**** SOURCE DATA

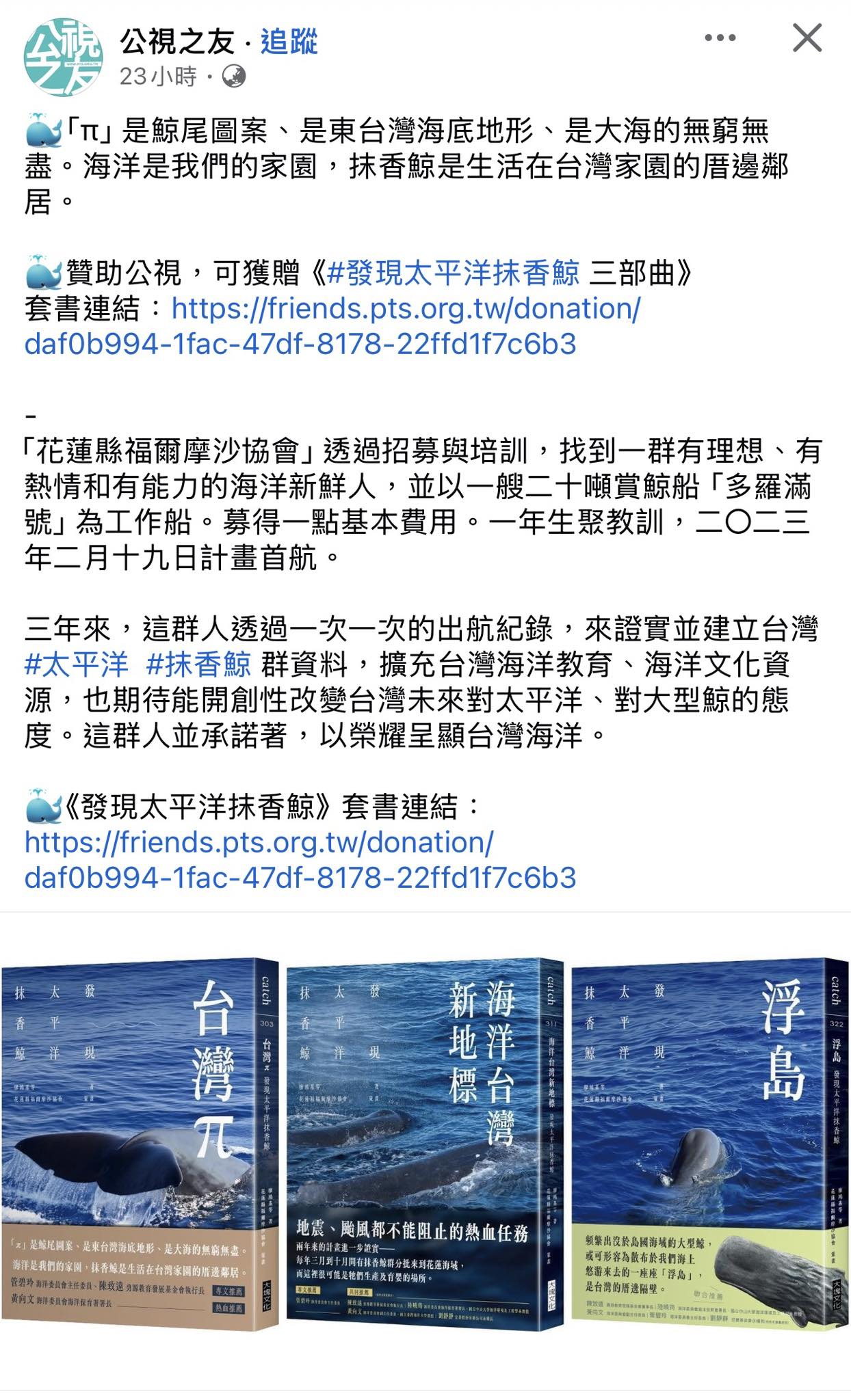 支持公視, 可以獲得《發現太平洋抹香鯨》三部曲套書
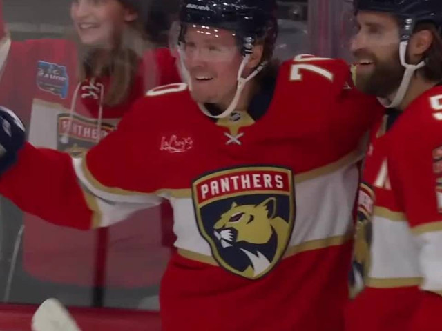 Check out Florida Panthers’ Jesper Boqvist show off his hand-eye coordination, batting a puck out of mid-air for an incredible goal to give the Florida Panthers the lead over the Chicago Blackhawks in the third period.
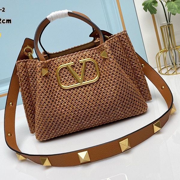 Valentino Små VLogo Signatur Shopping Bag med Romerska Dubbar I Syntetiska Riffia brun-Brun Valentino VLogo Signatur Shopping Bag.-Syntetiska Riffia.-Dubbar och metalldelar i antik mässing finish.-Avtagbar läder axelrem.-Skyddande fötter.-Interiör: öppen ficka.-Storlek: W25 * H18 * D12 cm.
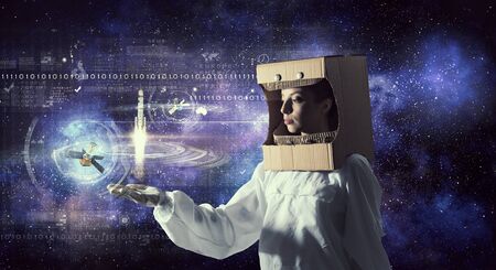 Young woman with carton box on head imagine she is astronaut. Elements of this image are furnished by NASA
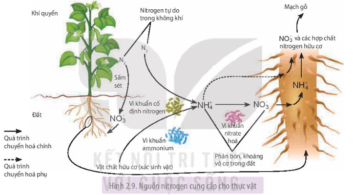 Dựa vào sơ đồ Hình 2.9, kể tên các nguồn cung cấp nitrogen cho cây. Cho biết thực vật có thể sử dụng trực tiếp nitrogen tự do có trong không khí hay không?
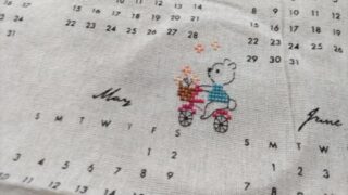 クロスステッチ、刺繍 セリアのファブリックカレンダーにクロスステッチ 2 セリアのファブリックカレンダーにクロスステッチしています。12月の辺りにステッチしたくつ下はバックステッチのないデザインだったので前回のうさぎとバランスが取れてないような気がします。自転車に乗ったクマさんはバックステッチ多めですですが、デザインのバランスはどうでしょう? 2025.10.04 クロスステッチ、刺繍
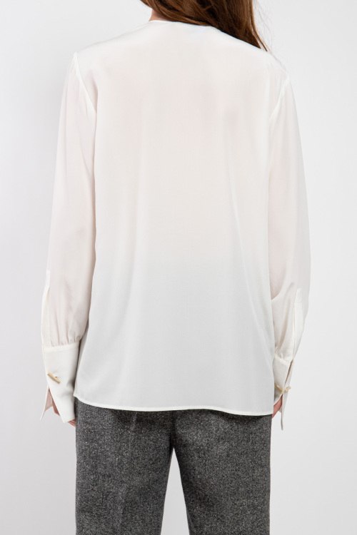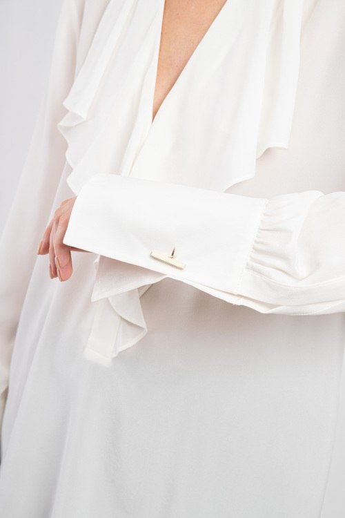 Женская белая блуза из шелка от Max Mara Studio (Макс Мара Студио). V-образный вырез декольте с воланами, длинные рукава, широкие манжеты на пуговице, ровный низ изделия.
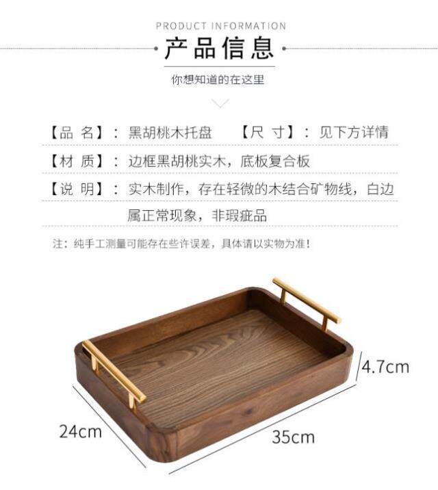North American black walnut tea tray solid wood tray rectangular wooden tray coffee simple wooden dinner tray hotel home use
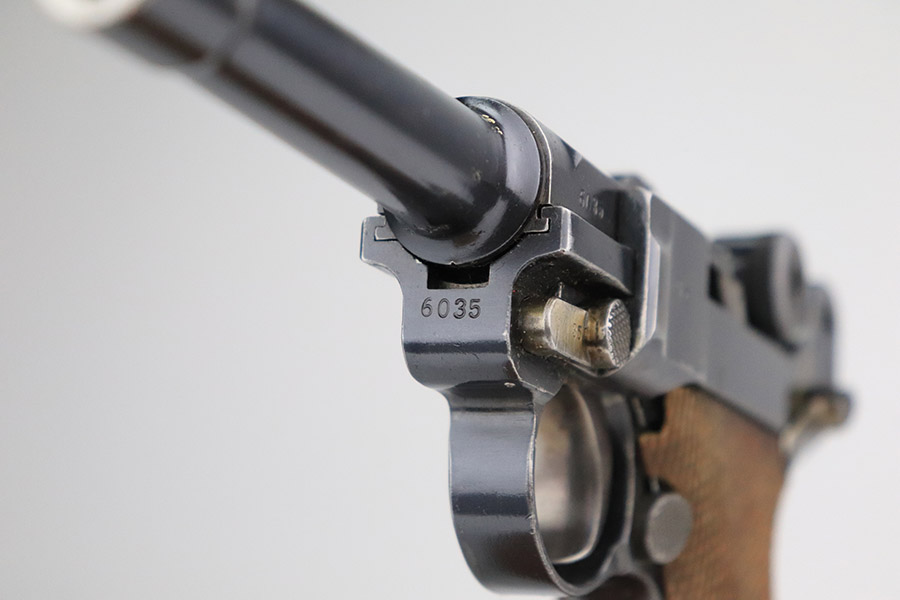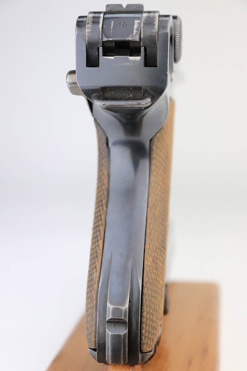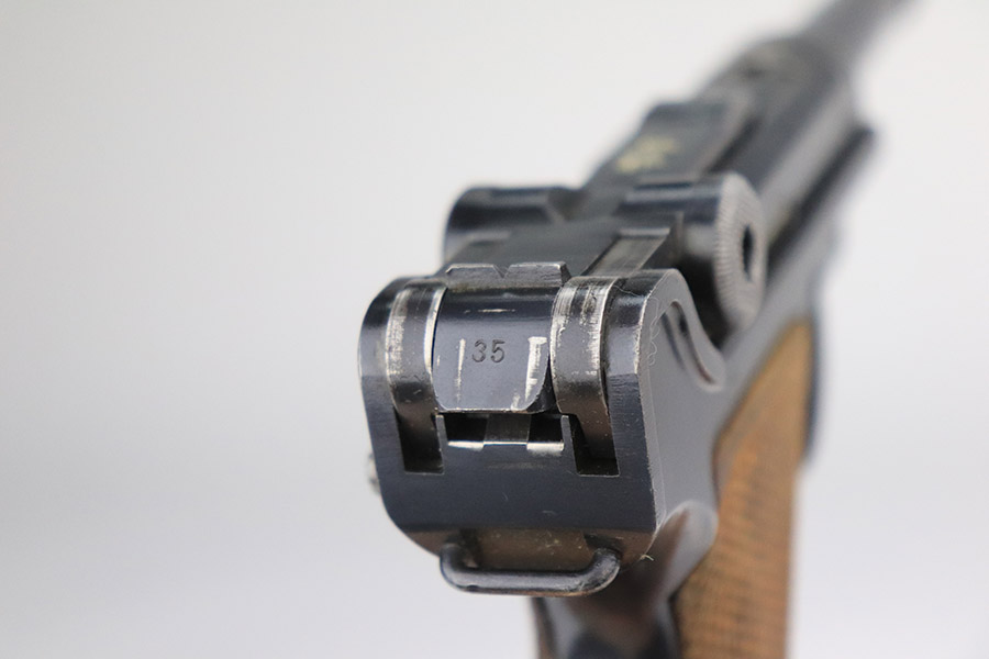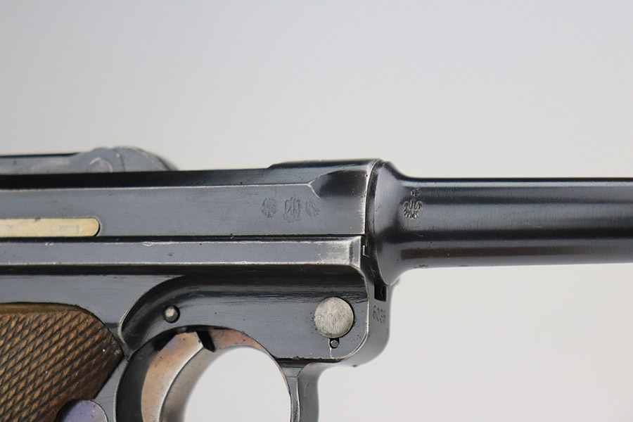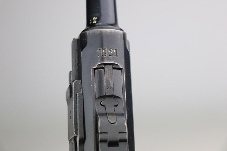 11/4/22 – This is an excellent example of a scarce 1921-dated DWM Luger issued to the German police force during the Weimar Era. It is all matching and has Weimar-era police proofs on the right side of the slide. It has an added police sear safety and magazine safety, both intact. There is a crossed-out “S.V.D. xxx” police unit marking on the front strap. From research, we understand this the represent the Schutzpolizei of Oberhausen. The gun has retained about 95% of its bluing with minor spotty wear on the front strap and areas of very minor wear on the side plate, very front edges of the side rails, and a hint of wear around the muzzle. Comes with excellent un-numbered wood grips (fit the gun perfectly) and a matching police arsenal-numbered magazine. The bore is like-new.

********

ASSIGNMENT: The lines from the one containing "Valentino Små VLogo" through the final line of the data are to be repeated exactly, with both ends included and all pictures left out.

SOLUTION BELOW:
 Valentino Små VLogo Signatur Shopping Bag med Romerska Dubbar I Syntetiska Riffia brun-Brun Valentino VLogo Signatur Shopping Bag.-Syntetiska Riffia.-Dubbar och metalldelar i antik mässing finish.-Avtagbar läder axelrem.-Skyddande fötter.-Interiör: öppen ficka.-Storlek: W25 * H18 * D12 cm.
 Young woman with carton box on head imagine she is astronaut. Elements of this image are furnished by NASA
 Dựa vào sơ đồ Hình 2.9, kể tên các nguồn cung cấp nitrogen cho cây. Cho biết thực vật có thể sử dụng trực tiếp nitrogen tự do có trong không khí hay không?
 クロスステッチ、刺繍 セリアのファブリックカレンダーにクロスステッチ 2 セリアのファブリックカレンダーにクロスステッチしています。12月の辺りにステッチしたくつ下はバックステッチのないデザインだったので前回のうさぎとバランスが取れてないような気がします。自転車に乗ったクマさんはバックステッチ多めですですが、デザインのバランスはどうでしょう? 2025.10.04 クロスステッチ、刺繍
 Женская белая блуза из шелка от Max Mara Studio (Макс Мара Студио). V-образный вырез декольте с воланами, длинные рукава, широкие манжеты на пуговице, ровный низ изделия.
North American black walnut tea tray solid wood tray rectangular wooden tray coffee simple wooden dinner tray hotel home use
 11/4/22 – This is an excellent example of a scarce 1921-dated DWM Luger issued to the German police force during the Weimar Era. It is all matching and has Weimar-era police proofs on the right side of the slide. It has an added police sear safety and magazine safety, both intact. There is a crossed-out “S.V.D. xxx” police unit marking on the front strap. From research, we understand this the represent the Schutzpolizei of Oberhausen. The gun has retained about 95% of its bluing with minor spotty wear on the front strap and areas of very minor wear on the side plate, very front edges of the side rails, and a hint of wear around the muzzle. Comes with excellent un-numbered wood grips (fit the gun perfectly) and a matching police arsenal-numbered magazine. The bore is like-new.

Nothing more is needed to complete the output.